PubSub is acting as a transport layer

here. It defines the secure perimeter

and decouples data producers from

consumers. The metrics then flow into

Victoria metrics. And then the

architecture is modular and built

entirely on open standards.

So this way we can have consistent

observability across all environments

and it's very scalable and easy to

extend.

So the beauty of what we've adopted is

that it's tech agnostic. Our

observability stack scales from

Spotify's internal services to our IDP.

Different teams you use different tech

stacks and that's fine. Our standards

ensure observability can work the same

way everywhere. And it's less about

specific tools and more about shared

principles, consistent signals, and

reliable outcomes. So now that the

stack's in place, let's see what kind of

impact it's had on speed, cost, and

happiness for our developers.

Ultimately, by unlocking the toolbox in

an organization, impact came quickly and

naturally. MTR measurably was reduced,

rendering happier engineers and happier

customers. And most importantly,

delivery velocity increased. The teams

were able to ship faster armed with real

reliable signals. Uh when we say speed

and happiness, this is what we mean.

Engineers are happier when their tools

just work and they can trust that their

changes are secure.
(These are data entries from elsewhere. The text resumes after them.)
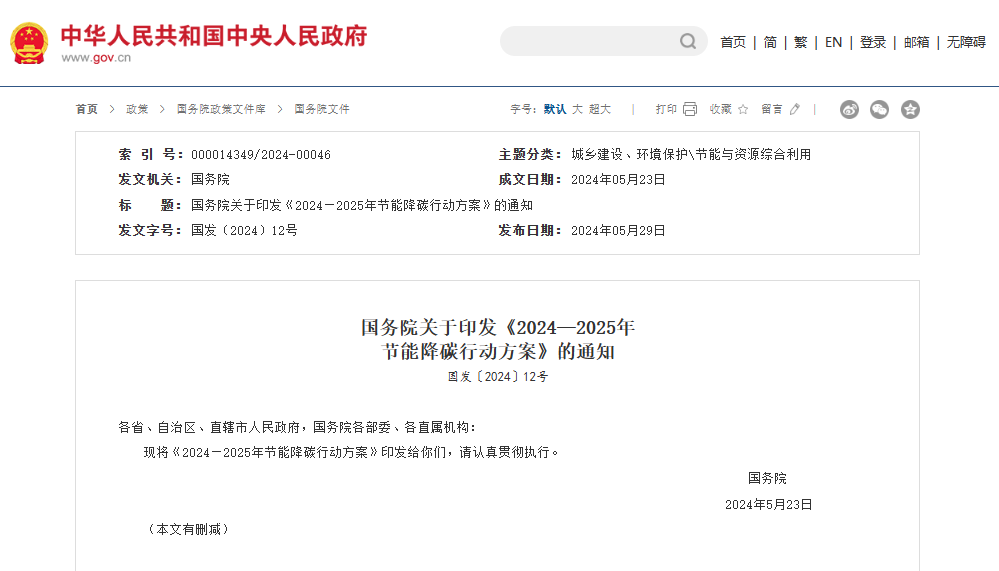 国务院关于印发《2024—2025年 节能降碳行动方案》的通知 国发〔2024〕12号
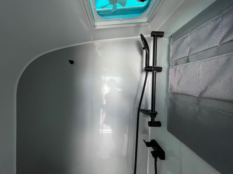 Make each adventure count with this Sol travel trailer. You and your loved one will have a convertible dinette to enjoy meals at and sleep on at night. In the morning, prepare eggs and bacon on the two burner stainless steel cooktop before heading out for the day. If you've chosen the optional 7' awning, you may not wander off too far from your trailer. This model also includes a wet bath with a porcelain toilet, a roof vent, plus a mesh shower storage net with two towel hooks for your convenience. This model also has a dry weight that ranges from 2,650-2,731 lbs., a tongue weight between 280-310 lbs., and a carrying capacity between 805-910 lbs.
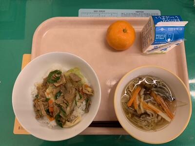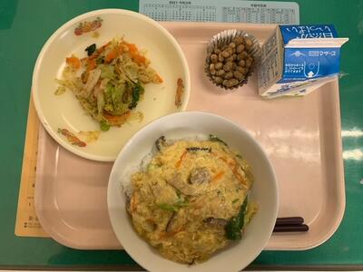 おやこどんは、とり肉、ねぎ、しいたけなどをにてたまごでとじ、どんぶりに盛ったご飯にかけたものをいい、とりにくとたまごを使うので「おやこ」という名前がついています。給食ではだしで野菜とお肉をにてあるのでしっかり味がついています。
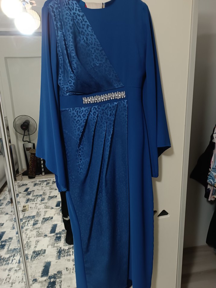 Drapeli desenli, uzun mavi abiye elbise, uzun kollu ve kayık yaka detaylıdır. Düzenli kesim ve kemer süslemelidir, düğünler için uygundur. 42-44 beden için uygundur
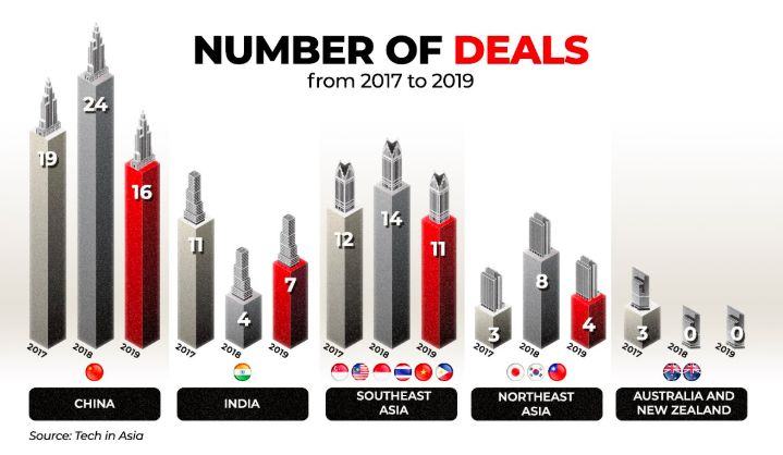 根据Tech in Asia的数据显示,从2017年至2019年,东南亚地区房产科技融资数量与融资总额一直处于亚太地区除中国以外的最高水平。
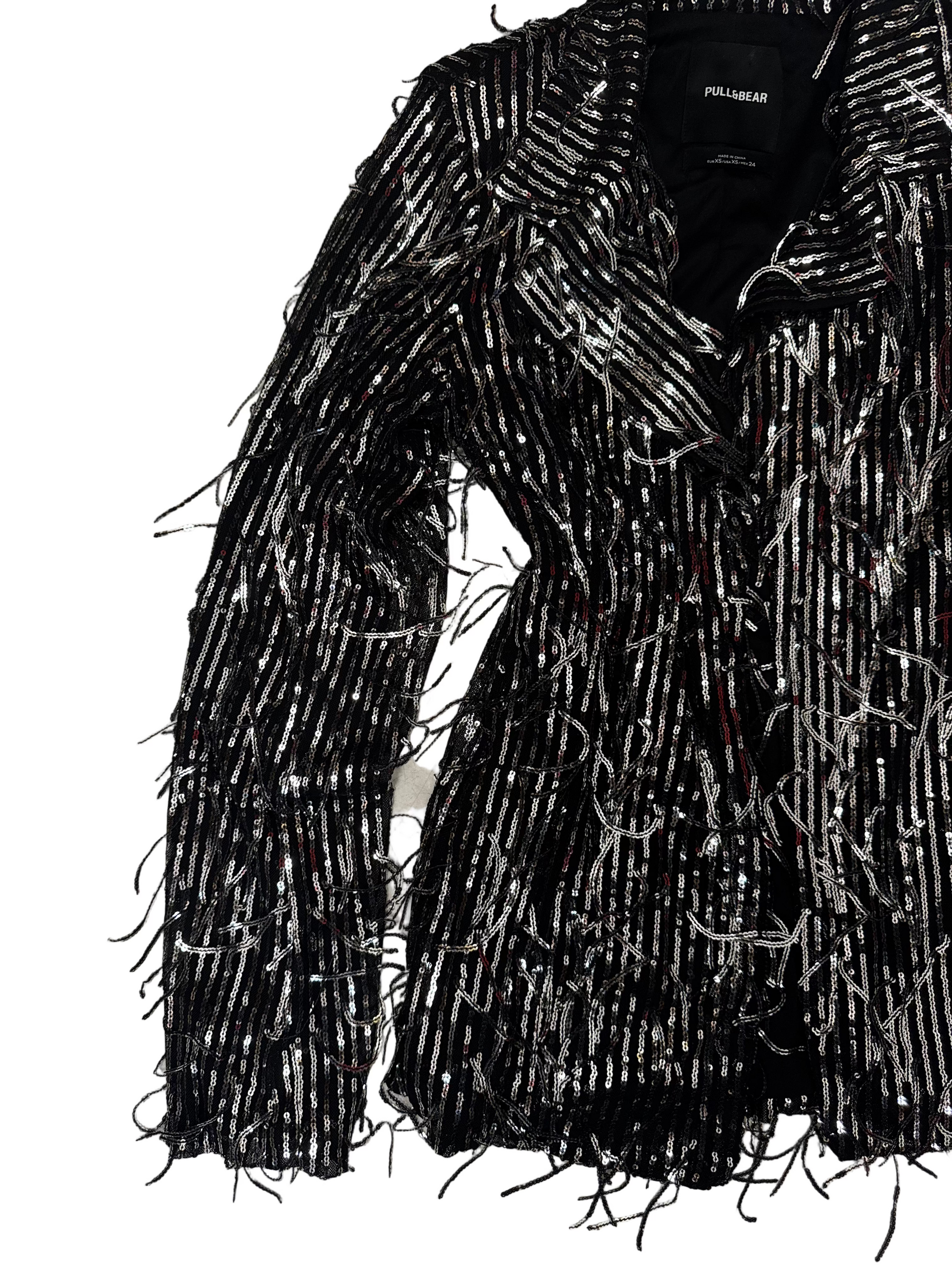 Pull & Bear nightlife blazer with sequin fringe. Open cardigan style with a collar.
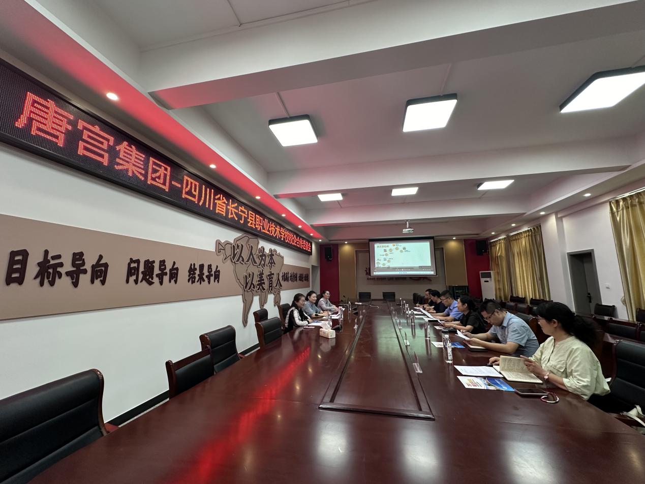 2024年9月26日上午,四川省长宁县职业技术学校与唐宫餐饮集团在校本部明德厅成功举办了校企合作洽谈会议。此次会议旨在进一步深化双方合作,共同探索人才培养新模式,促进教育与产业的有效对接。
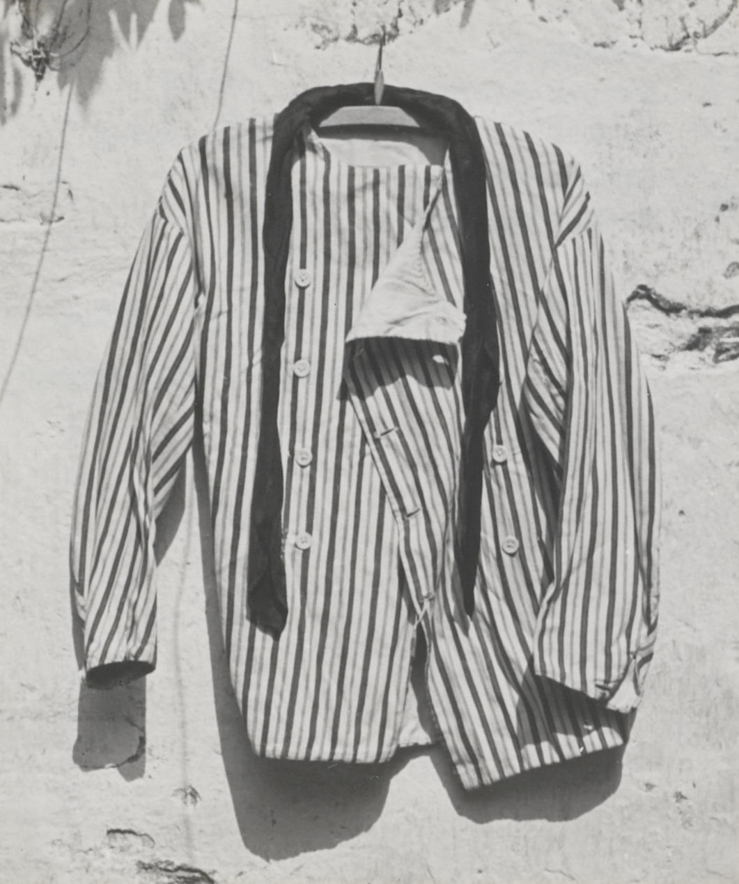 Zogenoemd baadje, een mannenjak van gestreepte stof, met een halsdoek. Het baadje met halsdoek is afkomstig van het voormalige eiland Schokland en eigendom van een familie in Vollenhove.
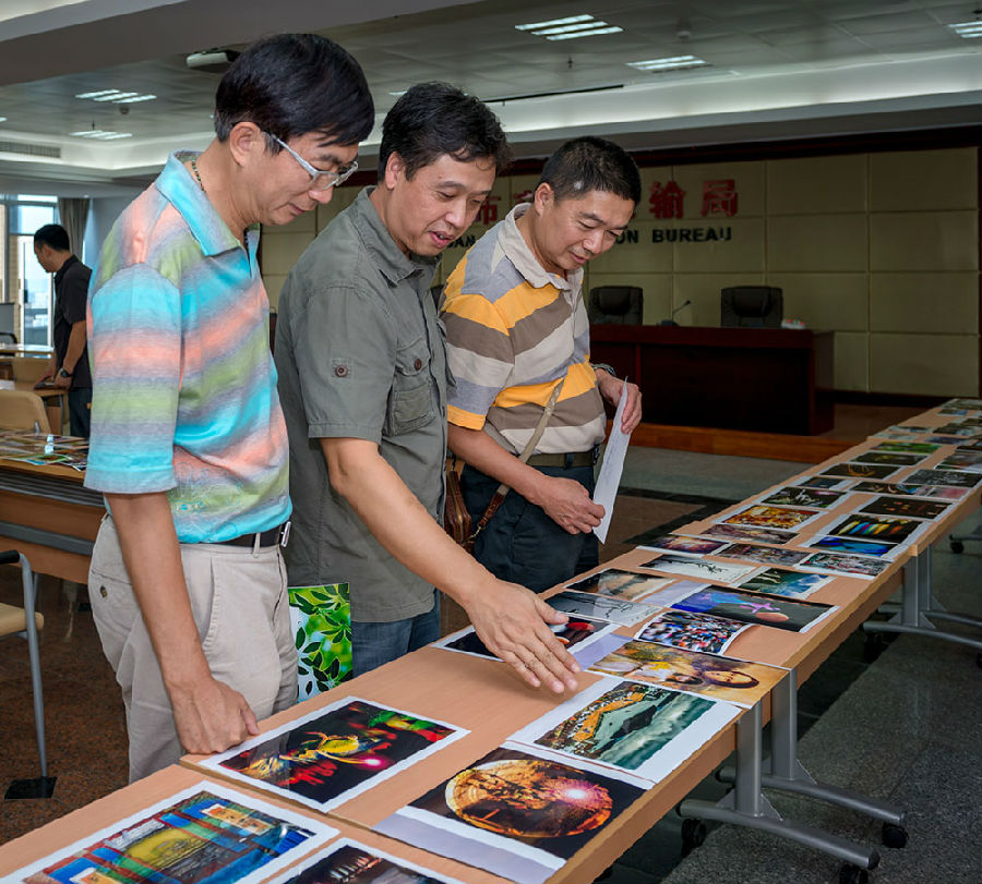 艺术类铜奖《窥》——梁翠群摄影< 艺术类铜奖《峰林晨雾》——屈云广摄影 艺术类铜奖《烟雨上岳》——黄超贤摄影 二、记录类:记录类金奖《赶集去》(组照)——叶灿新摄影 记录类银奖《百姓中国梦》(组照)——李永浩摄影 记录类银奖《上灯豆腐节》(组照)——黄超贤摄影< 记录类铜奖《茶香满园》(组照)——陈卫东摄影 记录类铜奖《瑶家公爹》——黄文跃摄影 记录类铜奖《阳山5.22抗洪救灾》(组照)——何东成摄影 < < < < < 三、创意类:创意类金奖《星河泛舟》——黄文跃摄影 创意类银奖《城镇化》——-罗秋明摄影 创意类铜奖《吹奏幸福来》——邓建平摄影< 【 本次获奖及入选作品将于2014年11月22日至12月22日在第十届连州国际摄影年展中展出。】 【评选现场】

Uh and in

perpetuity, we're now able to ship

features far more confidently.

So this is the heart of it. We dog food

everything. By running our IDP utilizing

standard internal infrastructure, we

gain empathy for our users because we

are our users. Sharing tools sharpens

empathy. Common standards reduces MTR

and unified feedback loops improve both

platform and product.

And [snorts] at this point in our

journey, we realized the biggest hurdle

wasn't technology. It was just

hesitation. So our message to ourselves

and you

is to seriously just don't overthink it.

The hardest part is getting started.

You'll never have the answers before you

begin, but build incrementally and reuse

what works and iterate. And if you have

folks that you've worked with before,

partner with them and figure out what

you can do together.

So, looking ahead, there's still plenty

to do. Now that Andrew's team have

alerts configured, they're focusing on

fine-tuning them to cut the noise. Um,

there's been a bit of adjustments that

have needed to happen since we've kind

of set all this up. On the observability

side, we plan to enable endto-end

tracing for them in the near future.

We're also working on auto

instrumentation with smarter sampling

guardrails and exploring anomaly

detection and AI assisted triage for

incidents. Each of these steps moves us

closer to truly intelligent proactive

observability. Um, so we solve things

before you even wake up from the page.

Thanks to the partnership we built, the

portal infra team will be among the

first adopters of all of our new

solutions across the business, providing

valuable feedback and continuing to be a

close collaborator. as we evolve

together.

So yeah, thanks for joining us and by us

I mean me and for being part of this

broader conversation about how platform

engineering can drive culture and scale.

Um happy to dive deeper on any of these

stories. We actually have a bunch of

time so we can do questions. um if you

want to talk about how you're applying

IDP principles in new orgs. And then we

also have a booth uh 11:43 uh in the

main section downstairs that I think

will open tomorrow and then we'll be

there for the rest of the week. So yeah,

thanks.

[applause]

>> Awesome. Thanks, Lauren. So we do have a

little bit of time for questions. Would

anyone like to ask a question?

And I will run over with the microphone.

No questions for Oh, there's one.

Oh, okay. Do you have any stories? Um, I

think you said there's other examples.

Do you have any stories of um startups

or the small developer workshops that

have moved maybe not from an IDP from

scratch, but have built their own

existing IDP and then want to move to

something greater.

um

built their own IDP. Uh not exactly. I

mean this was kind of like focused on

the IDP internally kind of becoming a

SAS product and then being able to like

observe that with our tools in house. So

I mean kind of the the takeaway is like

you know if you if you have open

standards you can kind of set them up

for anything like that. So, I mean, if

if that's kind of the question, like

being able to utilize the open standards

for your own in-house IDP could also

totally work, but not sure if I misheard

the question. [laughter]

>> Thank you. Anyone else got a question?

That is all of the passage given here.